Does it explain something?
Men have affairs for fun when women have affairs for real?
_Posted via Mobile Device_


----------



## Rob774 (Sep 27, 2010)

From my experience of things i've experienced in both clost friends and family, to what i've read on here and Askmendotcom... i've seen no real diffence in the way men are cruel vs women. 

Both have choosen ways to end relationships cruely, instead of doing the mature way and handling it like an adult. It just depends on how serious they are in ending the relationship. Most of the time, people want their cake and to eat it too, thus you have affairs. If i was a selfish guy, i'd say, " I love how things are going for me now, but i wouldn't mind sleeping with as many women on the side as possible."


----------



## River1977 (Oct 25, 2010)

"_Men have affairs for fun when women have affairs for real?_"

Yep, I agree with you and think that's what it is or has a lot to do with it. I think both men and women have affairs for a reason. Women want attention, to feel valued, and to feel loved. That takes effort on a man's part outside the bedroom and during the living hours of the day. Men need sex to feel loved so if there are problems at home, it's easy to get sex elsewhere. But that doesn't mean he does not love his wife and want to remain with her. It seems for some men, sex is something that is a high priority and necessity but is not always synonymous with love and commitment. It seems this is also the reason men are more willing to forgive his wife for being unfaithful than women are willing to forgive their husband for being unfaithful.


----------



## mentallydrained (Oct 7, 2010)

I think it's because men are not as emotionally connect as women, or most. They are able to leave things lie per say, or 'have fun' with out the emtional bond. Most women simply do not operate that way. In my opinion.


----------



## F-102 (Sep 15, 2010)

Usually, when a man steps out, it's for sexual reasons.

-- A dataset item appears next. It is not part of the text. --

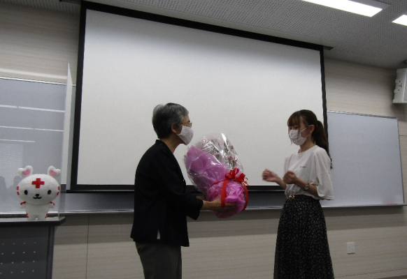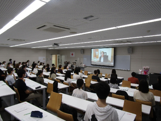 守田美奈子学長は「日本赤十字看護大学の「人道(Humanity)」の精神のもと、人と人とが尊重し合った関係を築いていく、そういった大学でありたい。」とオンラインで挨拶を述べる他、校歌斉唱、新入生への花束の贈呈などを行い、学生の笑顔が一同に揃う初めての機会となりました。

He probably has no intention of leaving, and it was just a one night stand or a quick romp. But when a woman steps out, it is usually for some deep emotional reasons, there really is trouble in the relationship behind it.

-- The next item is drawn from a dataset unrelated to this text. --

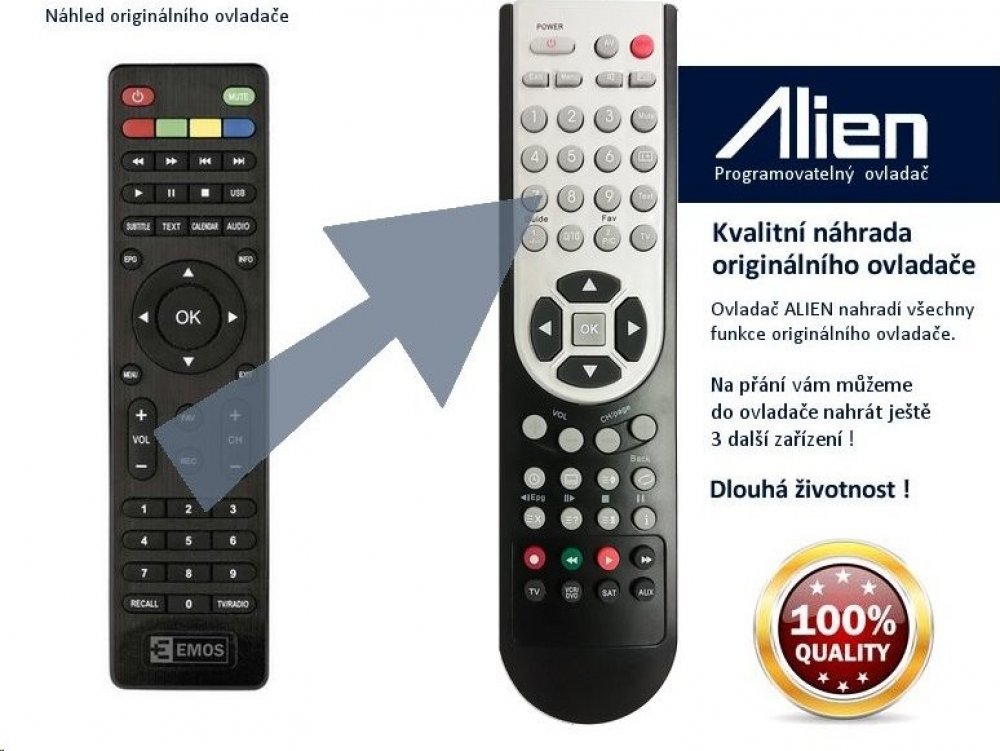 Ovladač je naprogramován na vaše zařízení. ALIEN nahrazuje všechny funkce originálního ovladače.

But there seems to be a double standard. When a husband leaves, he is shamed, ridiculed, called an immature, selfish a**hole, and when it gets to divorce, they lose the house, car, kids, etc....

When a wife leaves, it is because she wasn't fulfilled, her H was a jerk, she wasn't feeling appreciated, she deserved better, she is held in higher esteem because she found the strength to stand on her own.

Take a look at celebs. When Tiger, Jesse and Politicians stepped out, they were lambasted by the media, they lost their sponsors, were mercilessly ridiculed, everyone was just drooling and waiting for them to screw up again.

LeAnn Rimes leaves her H, and she gets guest spots on TV shows, prime time interviews, magazine covers, stories of her strength in her most difficult time, pics of her and her new guy and stories of how much in love they are, and her next album is probably going to get massive airplay and nominated for a grammy.


----------



## MsLonely (Sep 23, 2010)

F-102 said:


> Usually, when a man steps out, it's for sexual reasons. He probably has no intention of leaving, and it was just a one night stand or a quick romp. But when a woman steps out, it is usually for some deep emotional reasons, there really is trouble in the relationship behind it.
> 
> But there seems to be a double standard. When a husband leaves, he is shamed, ridiculed, called an immature, selfish a**hole, and when it gets to divorce, they lose the house, car, kids, etc....
> 
> ...


What a great contrary!
_Posted via Mobile Device_


----------



## Nekko (Oct 13, 2009)

Both genders are just as cruel. They'll both cheat when their miserable or because they want some "strange". It just depends on the personality of the person in question, whether male of female. 

My personal opinion is that some women will claim to cheat just for "emotional reasons" because the outcome is what F-102 mentioned above on LeAnn Rimes compared to the male celebs. Were women to admit they simply wanted a different guy for sex, they'd be called "*****s" and so on. Saying that it's "emotional" and that your current husband wasn't filling those needs makes things sound a bit better. Not saying that both genders don't cheat for emotional satisfaction as well, we all know they do. 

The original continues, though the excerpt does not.